Source Type : Any outside data first comes into this operator. This is the entry point of data. It is capable of interacting from external devices. So it is the intersection point between software and hardware. This operator is capable of parsing and creating external tuples.

Sink Type : The main work of this operator is to load the data into database.

Filter : It do the tuple filtering. The tuple which does not meet the criteria is omitted.

Punctor : A punctor operator can insert punctuations into output stream based on user supplied condition.

Aggregate : An aggregate operator is used for grouping and summarizing  incoming tuples.

Join : Join operator is used for correlating two streams.

Sort : Sort operator is used for imposing an order on incoming tuple.

Real Time Analytics of Big Data


So we have source operator and we have sink operator. The source will interact with outside world. Get the required data from any hardware or file.
The sink will load the final data into database.
In between we have different operator which will be linked with each other via edges known as stream in our case. All the data flow through this stream.

Some cases where real time analytics of data is useful
i) Crime detection and prevention
ii) Stock Market - In stock market trading happens so fast that a fraction of second change
    everything. Here if we analyse the pattern in real time then we can generate  meaningful
    conclusion.
iii)Telecommunication - Now a days world is so densely connection that it becomes a headache for
     the companies to manage the CDR. One can imagine the vast quantity of data present in a CDR.
     All of the data is not relevant. So in order to store them efficiently Infosphere Stream can be
     used. It will parse all the details and remove the irrelevant one.
iv)Health monitoring - The system can also be used for proper monitoring of health. Data from
    devices can be monitored and studies in order to find out if  the patient is suffering from some
    diseases.
v) Transportation - Real time data can be available about movement of buses or anything and
    customer can benefit from it.

Infosphere Stream and IOT(Internet of Things)

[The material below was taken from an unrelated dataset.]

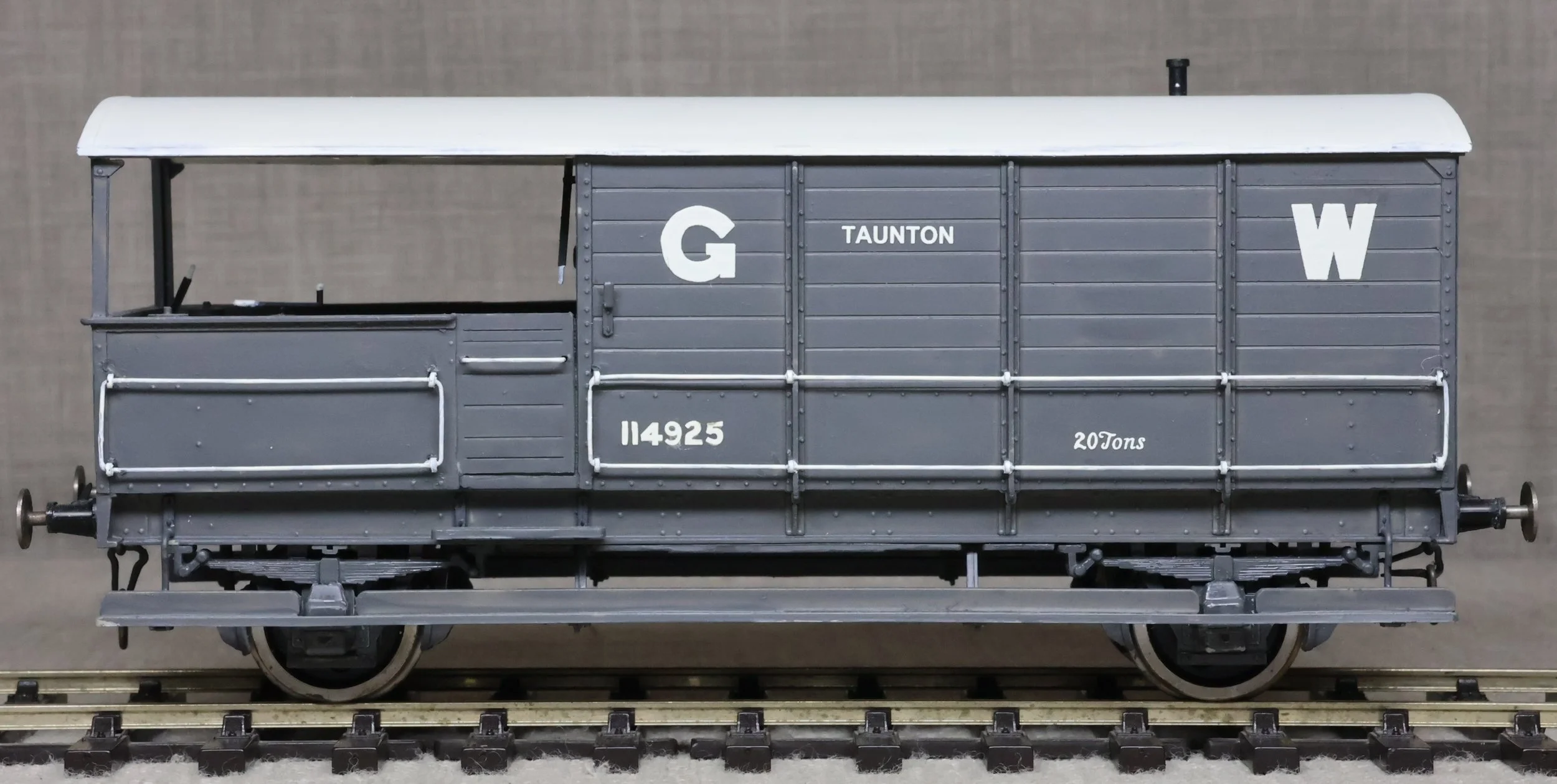 WRG38. GWR 20 Ton Toad Brake Van No. 114925 'Taunton'. To GWR Diagram AA19. This is very well built and painted from a Parkside Dundas plastic kit and appears unused. The model is supplied in its original box. £40.

One of the future technology is IOT. Every company is investing heavily in this field. Streaming technology can be used in implementation of IOT.

For successful implementation of IOT two things are required. The system is capable in handling large amount of data and it is capable of communicating with hardware. Infosphere Stream qualified in both. So it can be one of the technology by which IOT can be implemented.

Let me give an example of IOT-

With the onset of IOT everything will become smart. So we will have smart chair. I can find out from anywhere in the world whether someone has occupied my chair. For this we will give an unique ID to my chair. My chair will be in a network. We will use some sensor like pressure sensor in order to determine whether someone has occupied my chair. The pressure sensor will continuously generate the data after fixed interval of time. Our Source operator will communicate with the sensor and generate the required tuple. Which will be then parsed by the parser to find out if someone is occupying it. So from anywhere in the world we can tell if someone has occupied my chair.